■ TASK PROMPT ■
Retype only what runs from the first line of the records to the line with "Pius Matthias Connect", inclusive, and no pictures.

---------- SOURCE RECORDS ----------

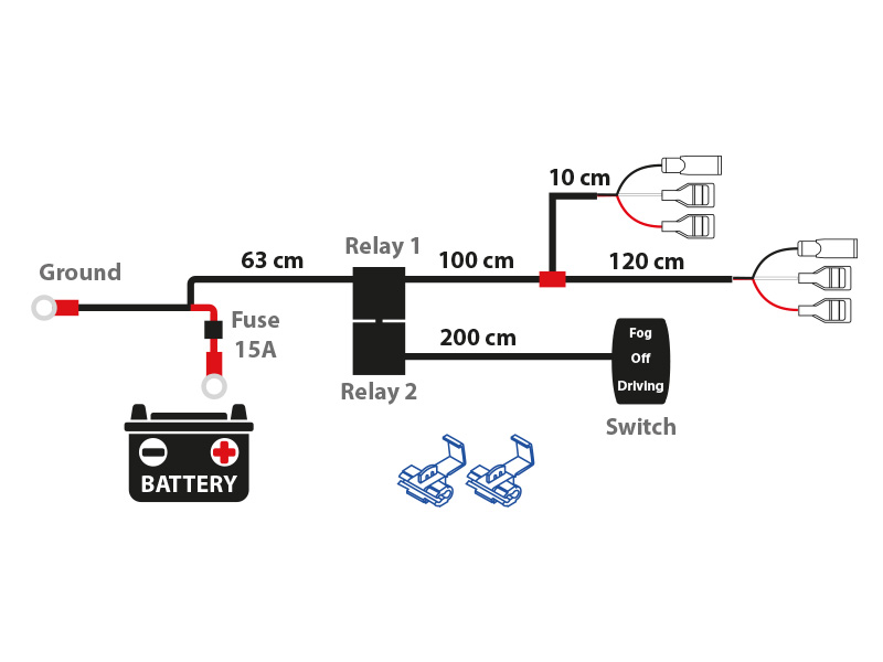 Sumu- ja kaukovaloille, vaihtokytkin + 2 x 12V 40A rele + johtosarja max 300W
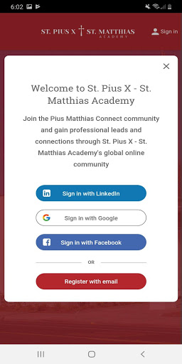 Pius Matthias Connect umożliwia zarówno ponowne połączenie ze starymi kolegami z klasy, jak i umożliwiając wykorzystanie zaufanego środowiska Academy St. Pius X - Matthias, aby rozszerzyć swoją sieć profesjonalną.
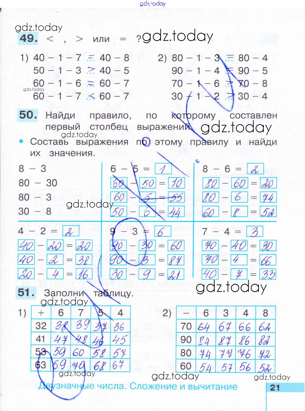 На страницах сайта gdz.today вы найдете учебный и вспомогательный материал, направленный на улучшения знаний школьной программы. ГДЗ - онлайн мир знаний Решение к части 1. Страницы 21 Рабочей тетради по Математике для 2 класса Истомина, Редько Ассоциация 21 век 2016
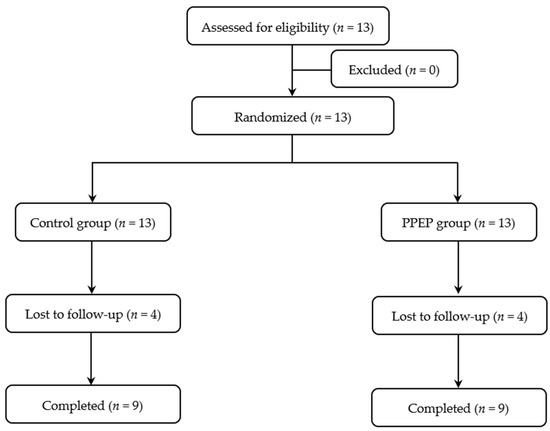 Because the expected dropout rate was 10%, nine participants per supplementation were recruited, i.e., nine non-diabetic insulin-resistant volunteers with obesity who were allocated to the control and PPEP group, leading to a total of 18 subjects. Inter-group and intra-group analyses were performed using Prism (version 9.4.0). The one-way ANOVA was performed using R Studio (version 2022.02.0). A statistically significant value of p < 0.05 was used.
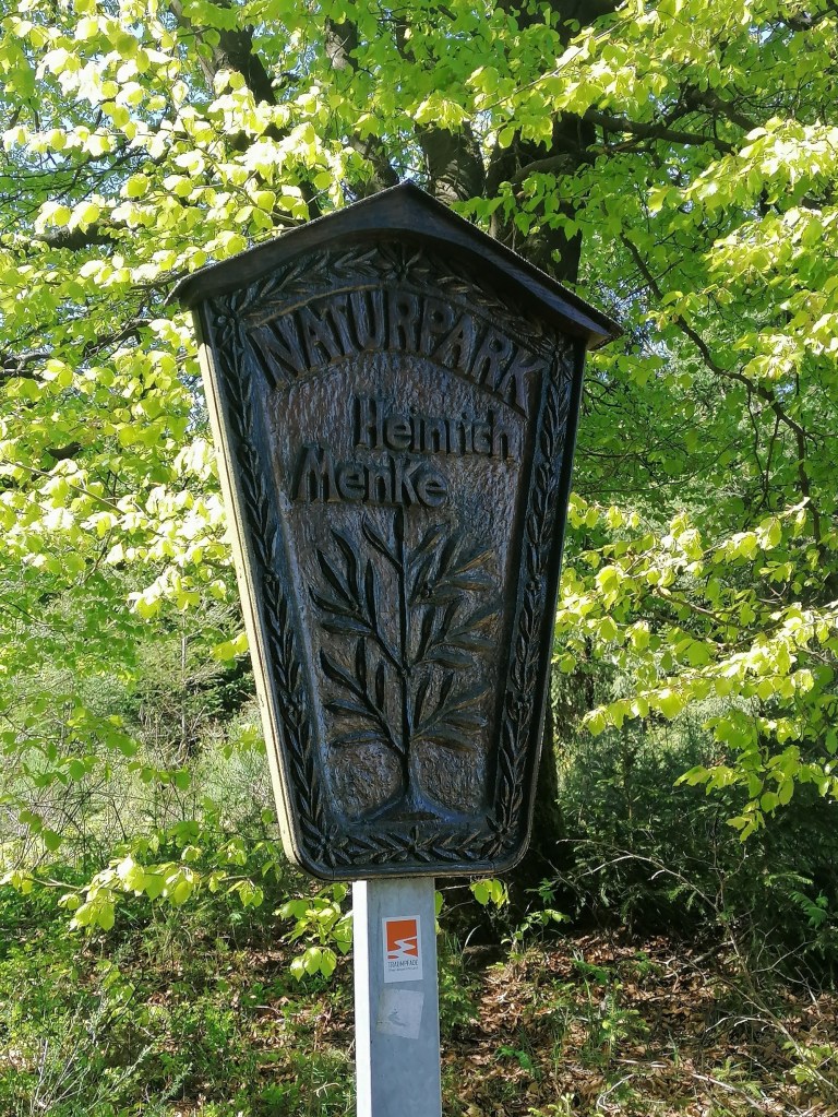 Auf der anderen Straßenseite geht es dann in den Dr. Heinrich Menke Park. Später erfahren wir noch, wer das war. Hier befinden wir uns nach einem kurzen Waldstück wieder in einer Landschaft, wie in dem vorhin durchquerten Naturschutzgebiet Heidbüchl.
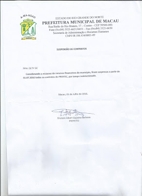 06 julho de 2016 MUNICÍPIO DE MACAU SUSPENDE CURSINHO DO PROITEC ALEGANDO FALTA DE RECURSOS FINANCEIROS.
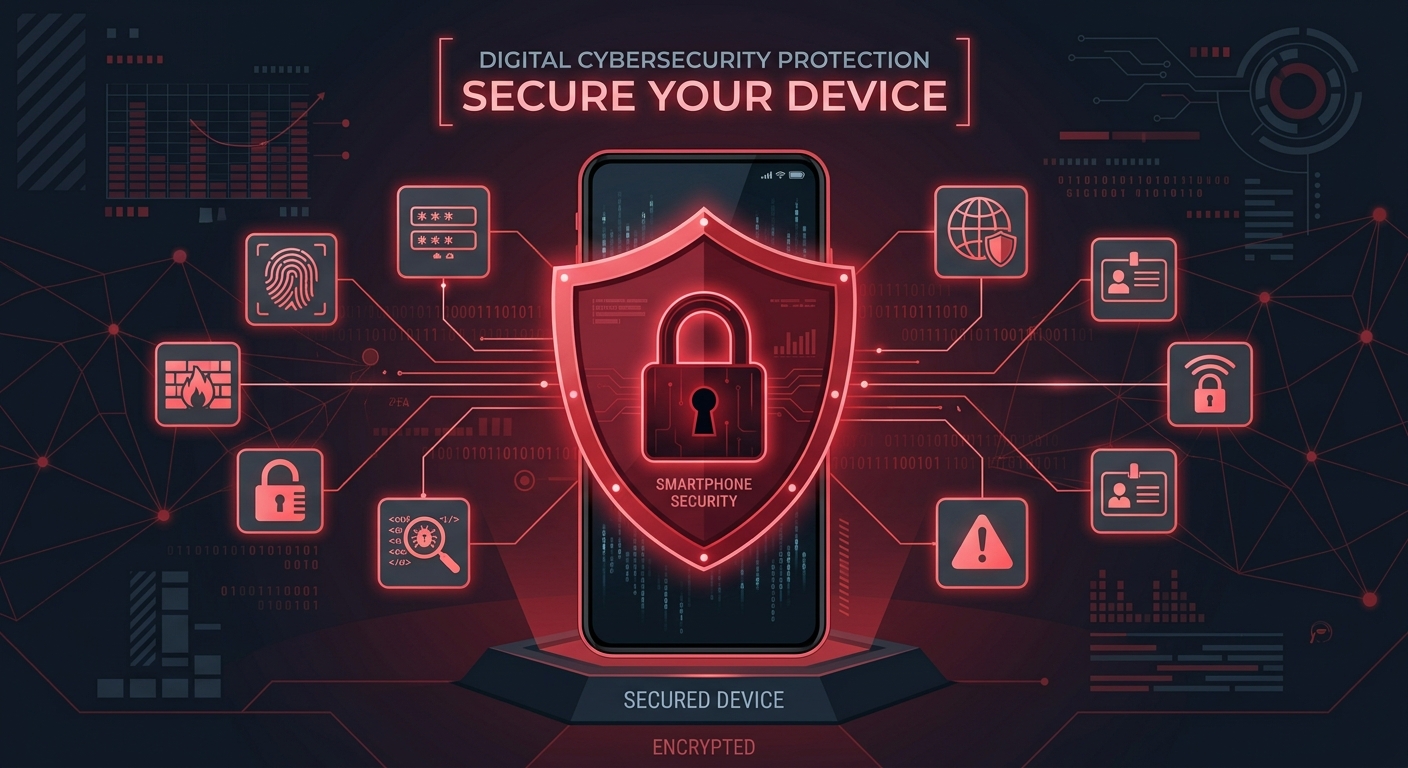 Guide complet 2026 pour sécuriser votre smartphone Android ou iOS : 15 mesures essentielles incluant verrouillage biométrique, antivirus mobile, VPN, authentification à deux facteurs et protection contre le phishing.
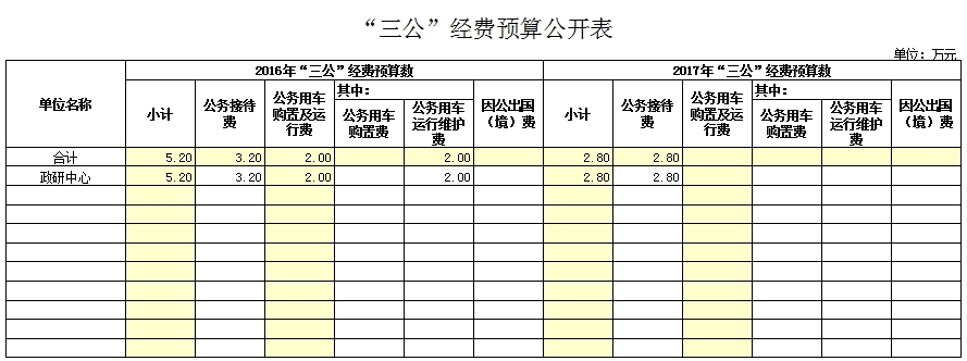 2017年“三公”经费预算数为 2.8万元,其中,公务接待费 2.8 万元。2017年“三公”经费预算较2016年减少2.4万元,主要是取消了2016年度预算中2万元公车运行费用,减少了公务接待费用0.4万元。
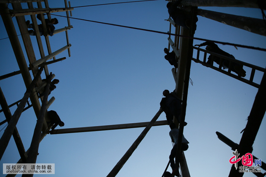 两排屋架子竖立后,工匠搭梯子登上屋架。 曾勇 摄
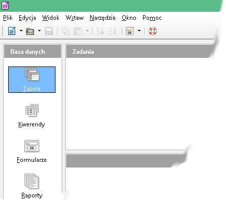 Po utworzeniu nowej pustej bazy otrzymujemy pusty interfejs użytkownika
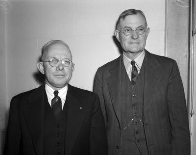 Texas State Teachers Association convention. E. E. Rogers, left, principal at Denison and G. C. Book, superintendent at Petrolia. They are standing next to each other. Published in Fort Worth Star-Telegram, morning edition, November 22, 1940.
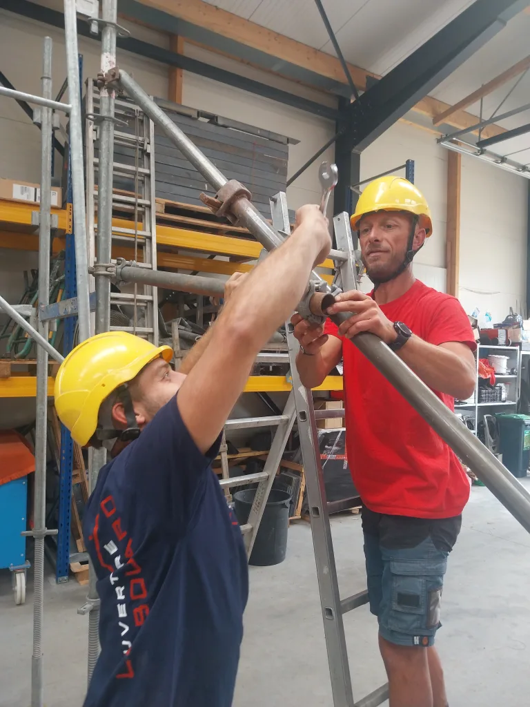 En avril, l’équipe a suivi la formation obligatoire lié aux travaux en hauteur ( portage du harnais). En juin, cette formation a été complété par la qualification de la pose d’un échaffaudage sur pieds avec Artiformation.
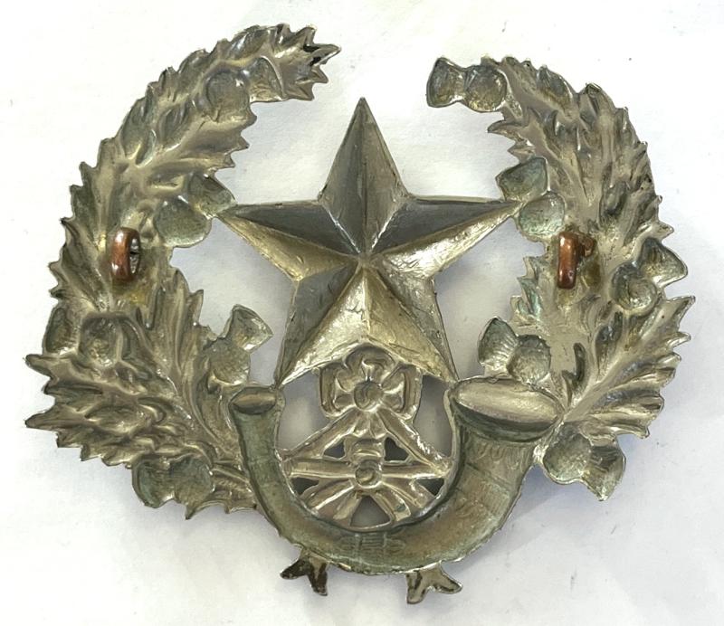 Regarded as the 2nf Btn. cap badge. Broad thistle wreaths. W/m. Shaped niceley for wear . Age toned , no rubbing or damage. Good looking badge, V.G.C.
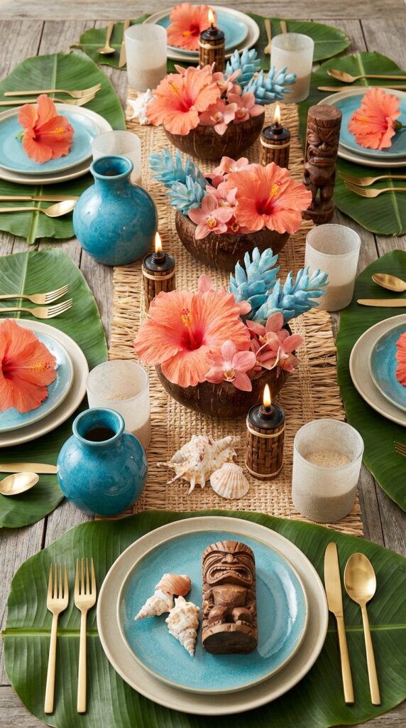 Layer refined leaf place settings using real or faux banana leaves as placemats — they’re captivating and affordable. Add a seashell beside each plate for extra island charm. Keep colors in ocean blue, coral, and gold to tie everything beautifully together. For an extra touch of authenticity, incorporate Polynesian-inspired décor elements like woven textures and carved wooden accents to bring the spirit of the islands to life.

----------

■ OUTPUT FOR THIS TASK ■
 Sumu- ja kaukovaloille, vaihtokytkin + 2 x 12V 40A rele + johtosarja max 300W
 Pius Matthias Connect umożliwia zarówno ponowne połączenie ze starymi kolegami z klasy, jak i umożliwiając wykorzystanie zaufanego środowiska Academy St. Pius X - Matthias, aby rozszerzyć swoją sieć profesjonalną.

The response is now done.